** Exercise prompt **
Omit the pictures and return exactly the stretch of the material below from the line with "Šie sieviešu potītes" through the line with "Целевое существо получает".

** Records for this exercise **
--- START ---
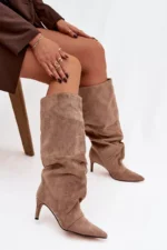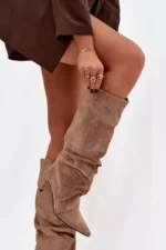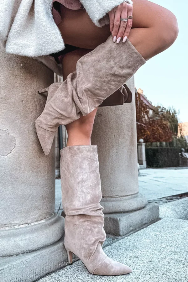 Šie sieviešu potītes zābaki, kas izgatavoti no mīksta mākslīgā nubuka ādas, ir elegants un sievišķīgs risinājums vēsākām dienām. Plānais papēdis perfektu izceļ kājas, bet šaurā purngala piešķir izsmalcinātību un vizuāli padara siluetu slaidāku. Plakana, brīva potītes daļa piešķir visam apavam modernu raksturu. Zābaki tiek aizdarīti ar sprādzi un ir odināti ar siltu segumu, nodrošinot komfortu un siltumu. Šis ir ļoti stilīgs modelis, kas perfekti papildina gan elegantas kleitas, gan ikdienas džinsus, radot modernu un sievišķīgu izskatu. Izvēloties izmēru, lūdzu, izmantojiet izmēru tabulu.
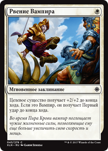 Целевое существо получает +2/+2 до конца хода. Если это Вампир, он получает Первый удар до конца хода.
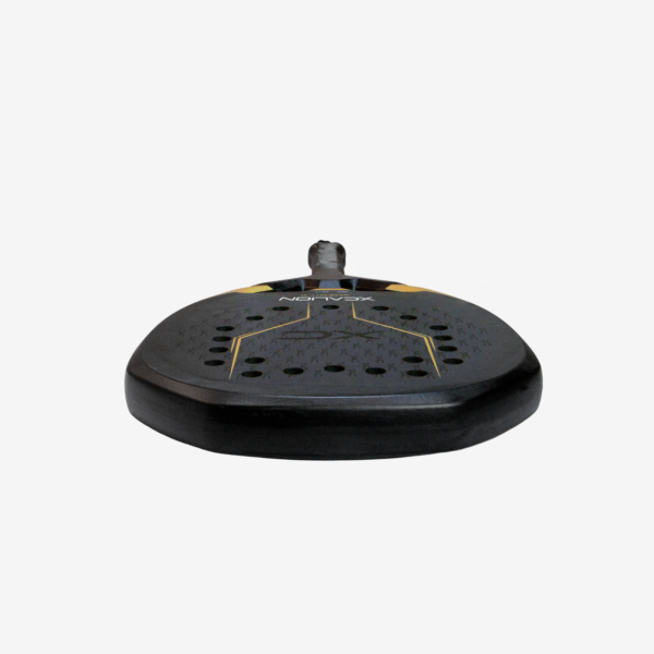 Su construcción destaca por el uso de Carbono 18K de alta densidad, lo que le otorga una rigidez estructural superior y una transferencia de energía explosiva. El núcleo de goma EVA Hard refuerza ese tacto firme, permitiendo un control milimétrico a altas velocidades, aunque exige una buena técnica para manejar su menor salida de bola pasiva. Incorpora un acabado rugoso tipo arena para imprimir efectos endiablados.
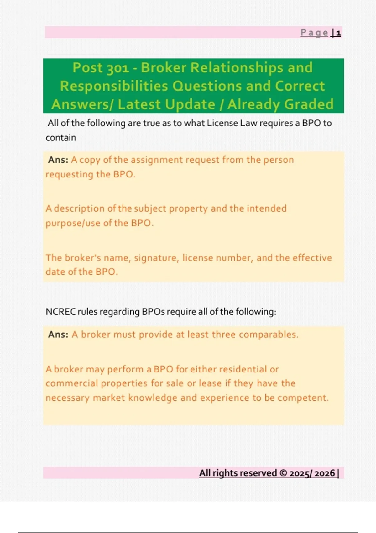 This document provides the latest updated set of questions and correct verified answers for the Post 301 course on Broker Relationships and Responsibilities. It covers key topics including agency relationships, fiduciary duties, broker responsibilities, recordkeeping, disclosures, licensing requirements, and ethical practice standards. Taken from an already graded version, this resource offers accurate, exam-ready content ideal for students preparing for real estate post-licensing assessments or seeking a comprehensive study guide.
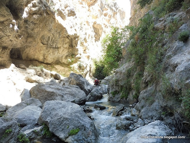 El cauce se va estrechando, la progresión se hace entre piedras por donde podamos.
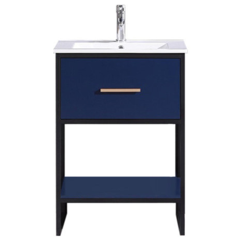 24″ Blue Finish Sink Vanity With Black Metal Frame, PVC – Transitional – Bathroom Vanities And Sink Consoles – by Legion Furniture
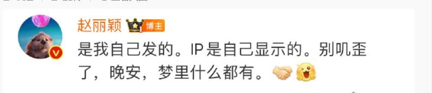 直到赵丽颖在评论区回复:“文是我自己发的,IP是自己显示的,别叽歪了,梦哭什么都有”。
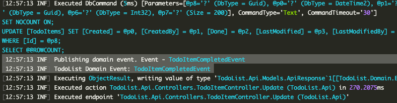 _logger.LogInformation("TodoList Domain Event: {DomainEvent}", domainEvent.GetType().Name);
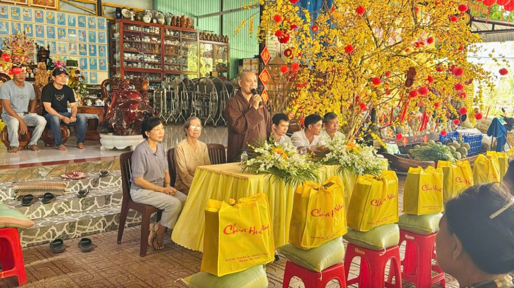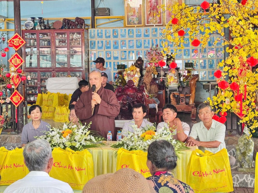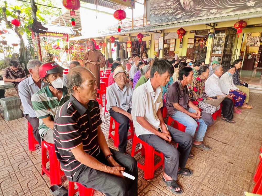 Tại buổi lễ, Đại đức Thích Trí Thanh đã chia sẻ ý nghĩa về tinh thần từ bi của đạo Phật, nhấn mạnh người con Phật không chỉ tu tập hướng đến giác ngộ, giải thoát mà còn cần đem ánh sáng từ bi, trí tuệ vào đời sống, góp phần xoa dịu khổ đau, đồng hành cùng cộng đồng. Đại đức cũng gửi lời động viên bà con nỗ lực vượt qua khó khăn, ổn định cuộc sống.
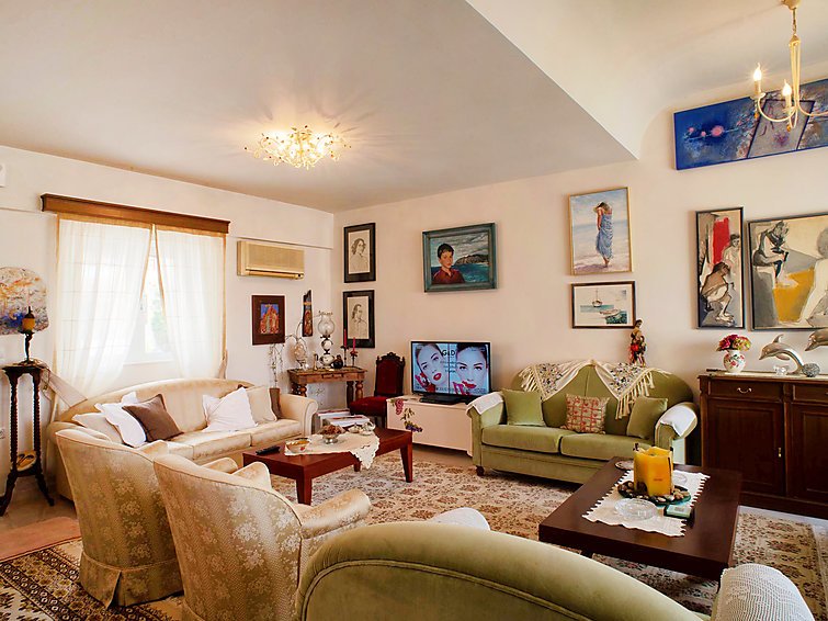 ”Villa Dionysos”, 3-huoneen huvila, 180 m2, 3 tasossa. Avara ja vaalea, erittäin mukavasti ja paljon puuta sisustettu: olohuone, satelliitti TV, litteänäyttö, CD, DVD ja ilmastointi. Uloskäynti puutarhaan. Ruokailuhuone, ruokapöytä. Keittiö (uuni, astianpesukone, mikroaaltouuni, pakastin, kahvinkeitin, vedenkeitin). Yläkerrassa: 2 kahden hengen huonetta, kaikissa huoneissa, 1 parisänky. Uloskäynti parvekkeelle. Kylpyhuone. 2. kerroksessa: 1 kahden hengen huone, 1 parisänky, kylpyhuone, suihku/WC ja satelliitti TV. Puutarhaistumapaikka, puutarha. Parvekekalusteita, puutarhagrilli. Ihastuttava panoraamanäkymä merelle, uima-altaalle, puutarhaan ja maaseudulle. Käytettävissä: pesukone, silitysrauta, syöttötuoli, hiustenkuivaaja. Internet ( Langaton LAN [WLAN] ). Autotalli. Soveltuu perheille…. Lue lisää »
--- END ---
--- START ---
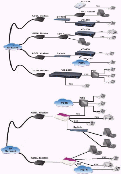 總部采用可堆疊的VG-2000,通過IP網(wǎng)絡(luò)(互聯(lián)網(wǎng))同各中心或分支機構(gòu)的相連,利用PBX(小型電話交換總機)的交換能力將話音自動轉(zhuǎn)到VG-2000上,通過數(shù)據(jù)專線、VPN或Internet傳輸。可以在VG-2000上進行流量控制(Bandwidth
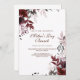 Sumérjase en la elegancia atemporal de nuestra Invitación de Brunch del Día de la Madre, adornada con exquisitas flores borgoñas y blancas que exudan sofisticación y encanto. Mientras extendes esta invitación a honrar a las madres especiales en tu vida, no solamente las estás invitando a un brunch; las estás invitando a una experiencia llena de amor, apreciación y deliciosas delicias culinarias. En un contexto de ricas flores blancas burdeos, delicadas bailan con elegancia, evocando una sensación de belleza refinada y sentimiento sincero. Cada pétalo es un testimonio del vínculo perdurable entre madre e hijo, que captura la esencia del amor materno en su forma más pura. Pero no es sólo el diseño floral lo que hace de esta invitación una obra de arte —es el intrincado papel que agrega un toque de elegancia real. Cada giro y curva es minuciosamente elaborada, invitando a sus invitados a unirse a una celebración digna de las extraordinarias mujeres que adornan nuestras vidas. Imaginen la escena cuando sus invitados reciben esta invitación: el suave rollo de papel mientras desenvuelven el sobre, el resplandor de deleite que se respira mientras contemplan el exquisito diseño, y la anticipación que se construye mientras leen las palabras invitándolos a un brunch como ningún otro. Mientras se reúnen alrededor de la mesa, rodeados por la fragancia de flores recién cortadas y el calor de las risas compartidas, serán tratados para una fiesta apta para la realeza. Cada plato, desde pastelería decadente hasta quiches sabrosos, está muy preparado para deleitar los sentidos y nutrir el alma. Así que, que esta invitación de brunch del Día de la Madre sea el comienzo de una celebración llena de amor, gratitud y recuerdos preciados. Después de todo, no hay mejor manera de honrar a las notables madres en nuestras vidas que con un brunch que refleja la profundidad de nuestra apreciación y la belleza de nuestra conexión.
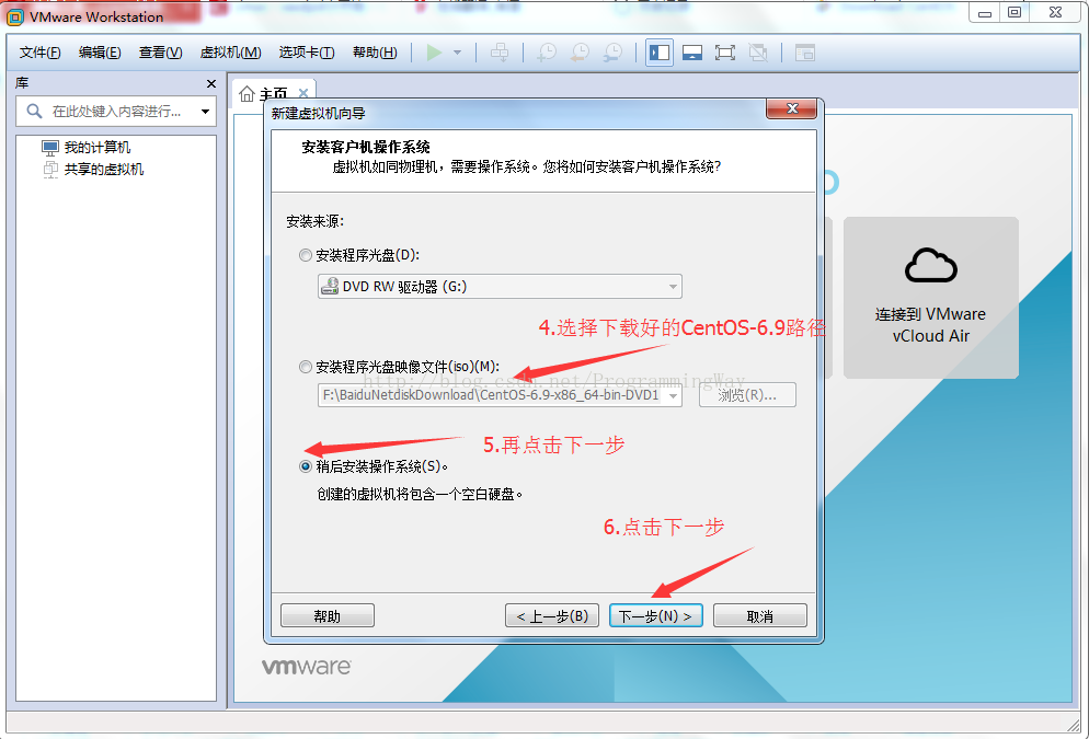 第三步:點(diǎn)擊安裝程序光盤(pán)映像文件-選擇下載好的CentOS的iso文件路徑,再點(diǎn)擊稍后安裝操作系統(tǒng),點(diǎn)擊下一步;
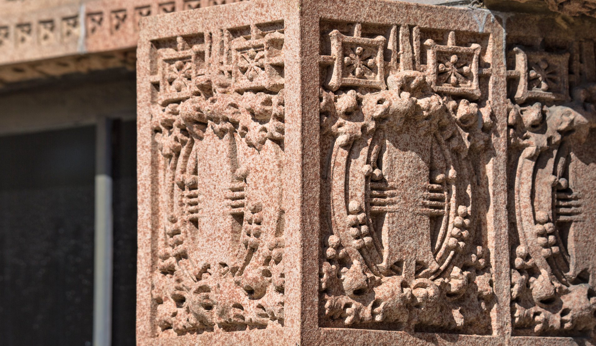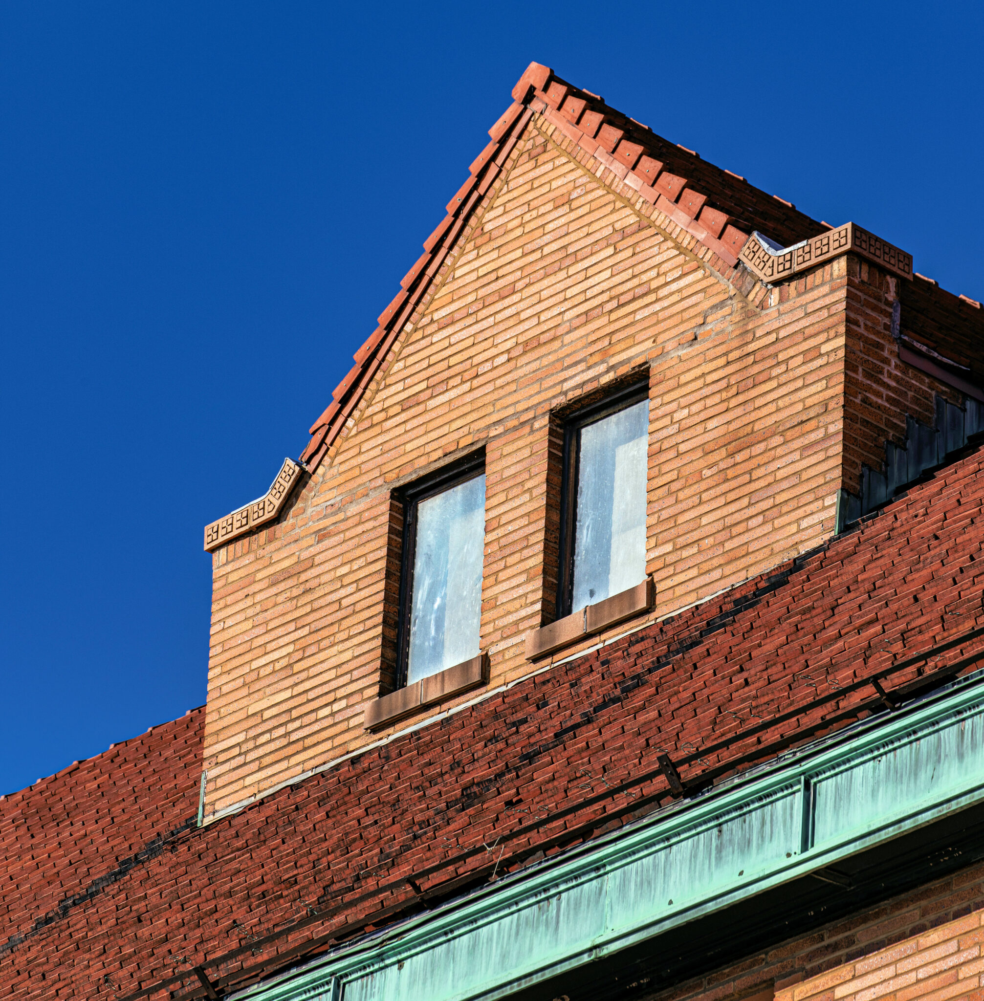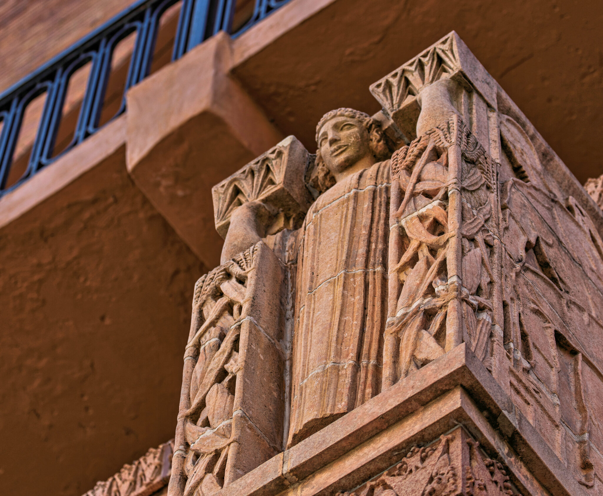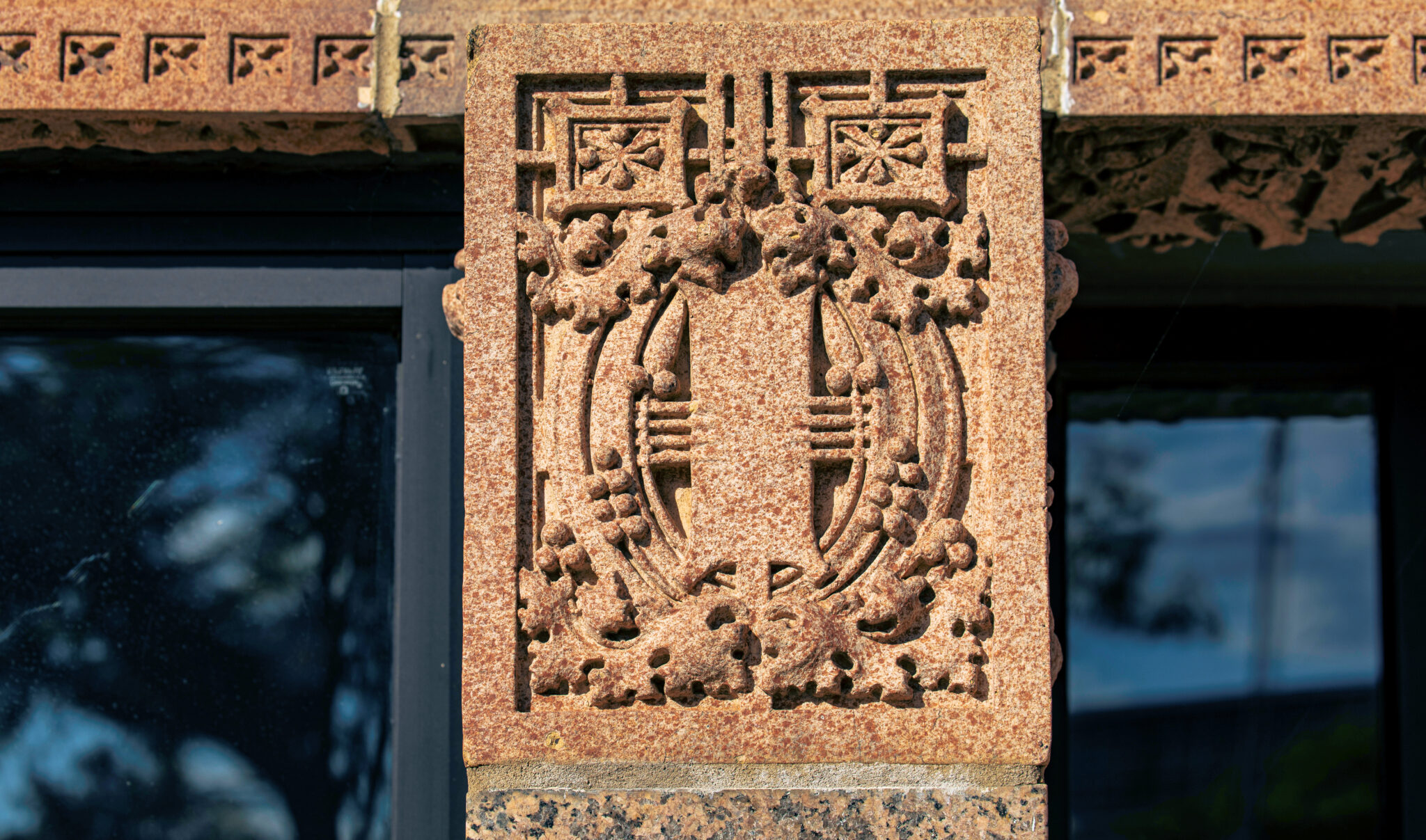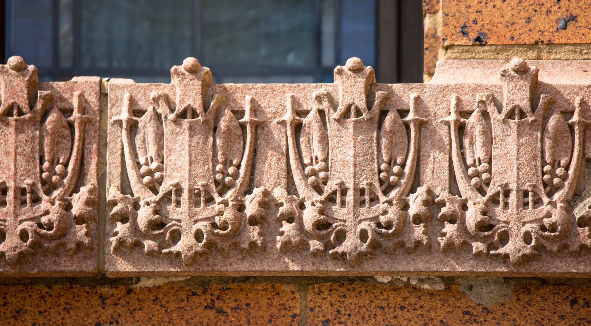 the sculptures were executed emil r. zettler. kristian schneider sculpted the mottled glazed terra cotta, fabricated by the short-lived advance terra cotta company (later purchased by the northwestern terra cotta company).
--- END ---
--- START ---
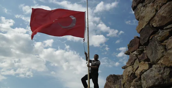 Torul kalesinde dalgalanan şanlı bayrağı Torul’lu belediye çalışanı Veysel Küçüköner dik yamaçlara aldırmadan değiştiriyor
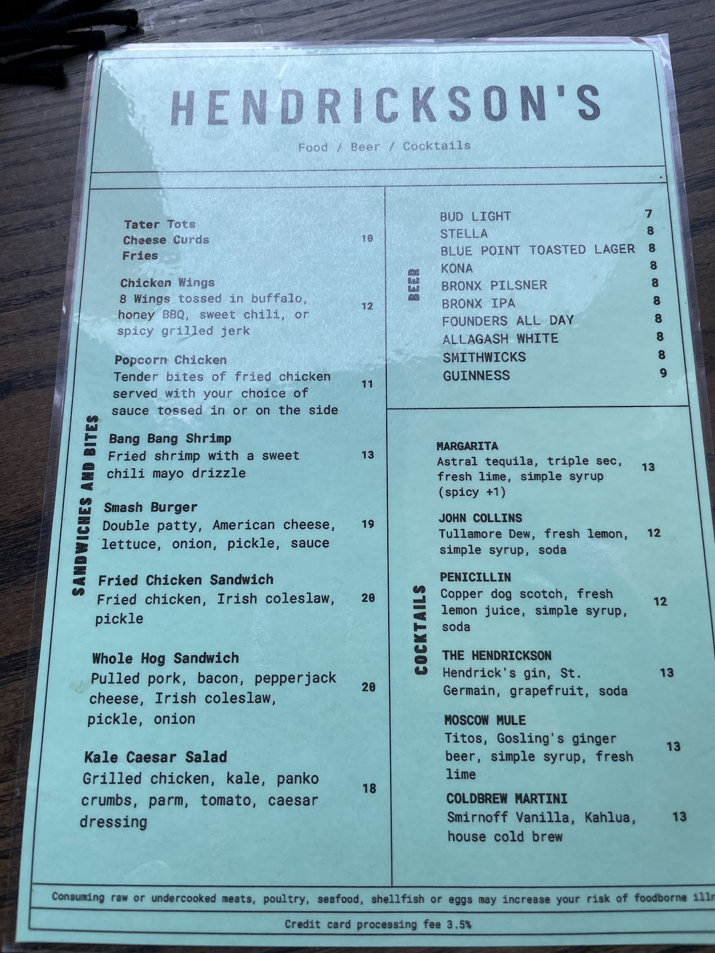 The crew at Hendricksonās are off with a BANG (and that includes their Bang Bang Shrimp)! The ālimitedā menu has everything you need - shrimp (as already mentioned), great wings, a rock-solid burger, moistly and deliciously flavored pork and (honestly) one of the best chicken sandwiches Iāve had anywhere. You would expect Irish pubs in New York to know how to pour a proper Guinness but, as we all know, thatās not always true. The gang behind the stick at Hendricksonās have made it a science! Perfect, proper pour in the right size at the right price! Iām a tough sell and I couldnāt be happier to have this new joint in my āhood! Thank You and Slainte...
--- END ---
** Finished task **
 Šie sieviešu potītes zābaki, kas izgatavoti no mīksta mākslīgā nubuka ādas, ir elegants un sievišķīgs risinājums vēsākām dienām. Plānais papēdis perfektu izceļ kājas, bet šaurā purngala piešķir izsmalcinātību un vizuāli padara siluetu slaidāku. Plakana, brīva potītes daļa piešķir visam apavam modernu raksturu. Zābaki tiek aizdarīti ar sprādzi un ir odināti ar siltu segumu, nodrošinot komfortu un siltumu. Šis ir ļoti stilīgs modelis, kas perfekti papildina gan elegantas kleitas, gan ikdienas džinsus, radot modernu un sievišķīgu izskatu. Izvēloties izmēru, lūdzu, izmantojiet izmēru tabulu.
 Целевое существо получает +2/+2 до конца хода. Если это Вампир, он получает Первый удар до конца хода.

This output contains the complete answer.